The basic plan is to spend a night at the widely recommended hostel in Panjakent, “Salom”, find a few people who also want to go to the seven lakes, and split a taxi the next day.
It’s almost too easy. Everyone is going there, or has just been. Within hours, we have formed a group: Carole from France, Jeremy from Sydney, Joey from Kilkenny. They all want to spend a night at a guesthouse amongst the lakes somewhere, and to save having to do any of my own research, I hop on board.

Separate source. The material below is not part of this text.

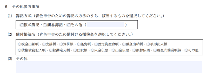 青色申告承認申請書の記入欄「6 その他参考事項(2)備付帳簿名(青色申告のため備付ける帳簿名を選択してください)」には、15項目が並んでいます。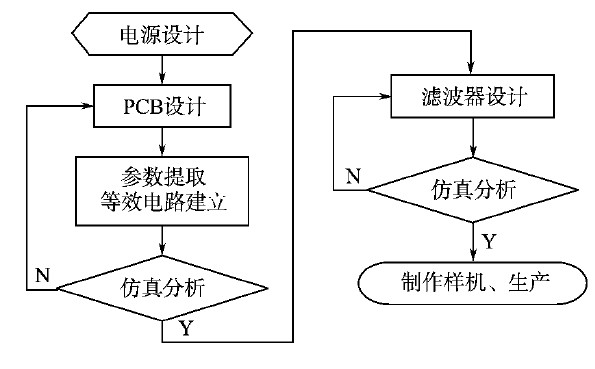 如果以上所有降低EMI的措施都完成了還沒有達到EMC的標準,就可以根據(jù)前面仿真分析得到的差模和共模干擾的波形對濾波器進行設計。在設計濾波器的時候,也同樣要注意元件的布局,還有PCB寄生參數(shù)對濾波器阻抗的影響,其本質也是增大對干擾的阻抗,使干擾無法通過傳播路徑。開關電源設計流程如圖5所示。

Carole, Joey and I explore Panjakent’s only real sight, an archeological dig on a hillside a short walk away. Only fractionally more interesting than the Afrosyab site in Samarkand, it has the benefit of excellent views and being free. But there’s no explanation what this site actually is, and there are some pretty dubious reconstructed buildings.

We go out for dinner, joined by a lovely couple from Brazil, a German motorbike-tourist who becomes known as “Mr Polite”, and a lovely Australian polyglot in his 70s. We’re off to sample the “national dish”, so my expectations are low. In Kazakhstan and Kyrgyzstan, that means beshbarmak, a kind of horsemeat minestrone which is honestly a bit forgettable. In Uzbekistan that means plov (aka pilaf), widely available across the stans: a rice dish with meat and a tiny bit of veg, and never as good on the plate as it looks in photos.
But Tajikistan’s national dish is Qurotob and is delicious. Place thin bread in a large dish, layer on meat, cooked vegetables and some salad vegies, and smother it in a kind of tangy cheesy sauce. It’s actually delicious, and much more interesting than the other two.

The Brazillians share one of the most eye-opening travel stories: while stopped for the night along the Pamir Highway, near the border with Afghanistan, they accidentally witnessed a huge drug deal taking place at their guesthouse. A number of Chinese men with suitcases, a group of Afghan men in a toilet cubicle in the middle of the night, the sounds of plastic wrapping, and everyone gone in the very early hours. They ask their guide, who deadpans “I saw nothing”.
What will we say when we return from the mountains?